#### Exercise material
----

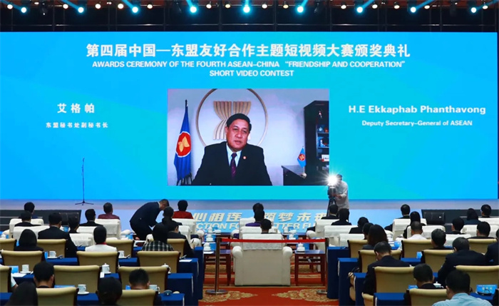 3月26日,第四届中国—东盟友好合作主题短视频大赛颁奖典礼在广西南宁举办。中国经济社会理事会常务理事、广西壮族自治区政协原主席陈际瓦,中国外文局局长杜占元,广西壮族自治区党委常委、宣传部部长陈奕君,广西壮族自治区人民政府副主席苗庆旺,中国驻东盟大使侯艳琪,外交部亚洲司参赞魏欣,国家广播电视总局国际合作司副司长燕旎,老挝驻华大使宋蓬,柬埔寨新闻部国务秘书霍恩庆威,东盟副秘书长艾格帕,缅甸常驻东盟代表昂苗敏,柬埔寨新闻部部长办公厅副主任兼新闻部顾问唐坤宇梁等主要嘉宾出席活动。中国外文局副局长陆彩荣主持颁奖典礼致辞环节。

----

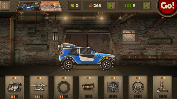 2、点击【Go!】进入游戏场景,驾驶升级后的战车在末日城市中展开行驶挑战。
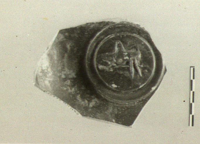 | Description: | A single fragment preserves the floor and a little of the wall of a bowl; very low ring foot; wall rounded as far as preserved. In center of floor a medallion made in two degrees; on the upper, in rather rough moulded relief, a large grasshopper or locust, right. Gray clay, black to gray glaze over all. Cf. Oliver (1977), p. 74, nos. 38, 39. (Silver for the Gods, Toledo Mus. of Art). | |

----

#### Work instructions
Copy needed, without pictures: the lines of the listing above from the line containing "2、点击【Go!】进入游戏场景,驾驶升级后的战车在末日城市中展开行驶挑战。" up to and including the line containing "of Art). | |", set down exactly.

#### Output
 2、点击【Go!】进入游戏场景,驾驶升级后的战车在末日城市中展开行驶挑战。
 | Description: | A single fragment preserves the floor and a little of the wall of a bowl; very low ring foot; wall rounded as far as preserved. In center of floor a medallion made in two degrees; on the upper, in rather rough moulded relief, a large grasshopper or locust, right. Gray clay, black to gray glaze over all. Cf. Oliver (1977), p. 74, nos. 38, 39. (Silver for the Gods, Toledo Mus. of Art). | |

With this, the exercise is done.